Savundra was arrested shortly after his appearance on The Frost Programme after a two-year police investigation. In March 1968, he was sentenced to eight years' imprisonment with a £50,000 fine or an additional two years' imprisonment. Savundra was eventually placed in the prison hospital, where he became addicted to drugs to control persistent pain. Whilst he was in prison, it was discovered that he had used his wealth to go to clinics around the world; the clinic records were collected and collated. Savundra was released from prison shortly before Christmas in 1974, still addicted to drugs.

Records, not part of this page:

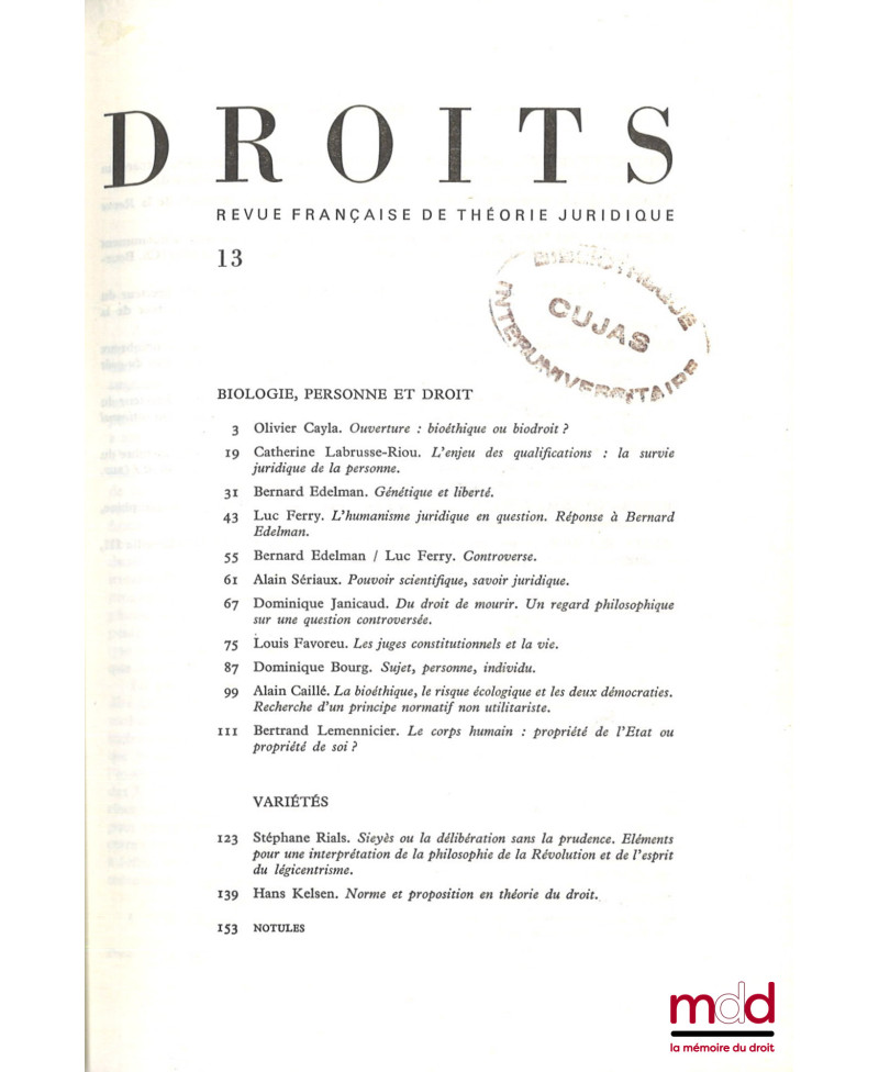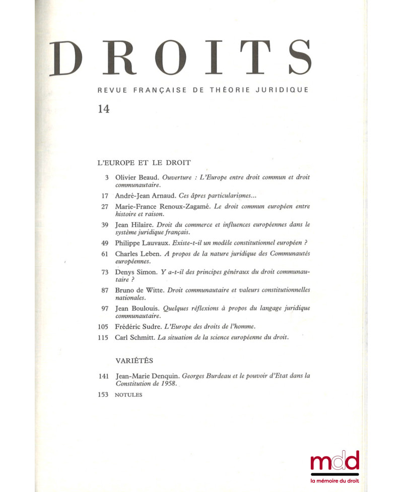 Deux numéros épuisés de la revue Droits qui contient notamment les articles de Catherine Labrusse-Riou, l’enjeu des qualifications : la survie juridique de la personne ; Bernard Edelman, génétique et liberté ; Luc Ferry, l’humanisme juridique en question, réponse à Bernard Edelman ; Alain Sériaux, pouvoir scientifique, savoir juridique ; Louis Favoreu, les juges constitutionnels et la vie ; Stéphane Rials, Sieyès ou la délibération sans la prudence, éléments pour une interprétation de la philosophie de la Révolution et de l’esprit du légicentrisme ; Hans Kelsen, norme et propositions en théorie du droit ; Olivier Beaud, l’Europe entre droit commun et droit communautaire ; André-Jean Arnaud, Ces âpres particularismes ; Jean Hilaire, Droit du commerce et influences européennes dans le système juridique français ; Denys Simon, Y a-t-il des principes généraux du droit communautaire ? ; Jean Boulouis, Quelques réflexions à propos du langage juridique communautaire ; Frédéric Sudre, L’Europe des droits de l’Homme ; Carl Schmitt, La situation de la science européenne du droit.
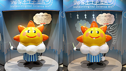 入口の「はれるん」は、フラッシュをたいて撮ると背景が現れる(右)
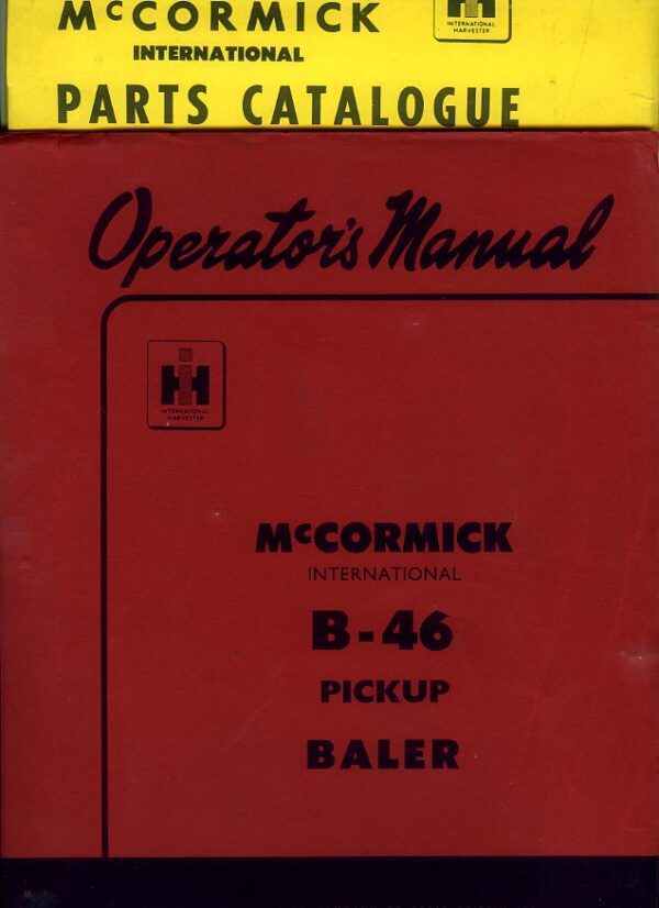 An operators manual in excellent unused condition for the McCormick International B-46 baler, dated 1960. It is complete with a parts book and a guide to timing and tying.
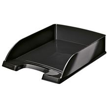 Atraktívna zásuvka v dizajne radu Leitz Plus v elegantnej čiernej farbe Vyrobená z pevného plastu; kolmé aj predsadené stohovanie Výrez pre ľahký prístup k uloženým dokumentom Formát A4; kapacita odkladania …
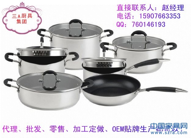 高檔不銹鋼廚具、湯鍋、炒鍋、煎鍋、奶鍋、蒸鍋、刀叉、碗筷碟子等眾多款式,批發(fā)、零售、代理還可以加工定做,OEM貼牌生產(chǎn)!廠家直銷?。?!櫥柜、炊具等產(chǎn)品配套的最佳選擇!消費(fèi)者最愛的禮品,贈(zèng)品!

He died in Old Windsor, near Windsor, Berkshire, on 21 December 1976 at age 53. Survived by his widow, Savundra was registered as a "retired banker" and was a Roman Catholic.

==In popular culture==

In "The Death List", an episode of the television comedy Yes Minister, Cabinet Minister Jim Hacker briefly panics over the possibility that a character reference he once wrote for Savundra might be leaked to the press.

==Sources==

- Connell, Jon (1978). "Fraud: The Amazing Career of Doctor Savundra"
- Emil Savundra Wormwood Scrub Diaries (2008)
- King-Hamilton QC, Alan (1982). "And Nothing But the Truth: An Autobiography"
- "Chambers Biographical Dictionary Centenary Edition" (1997)
- Rice-Davies, Mandy (1980). "Mandy"
- Knightley, Phillip (1987). "An Affair of State/The Profumo Case and the Framing of Stephen Ward"
- Kennedy, Ludovic (1964). "The Trial of Stephen Ward"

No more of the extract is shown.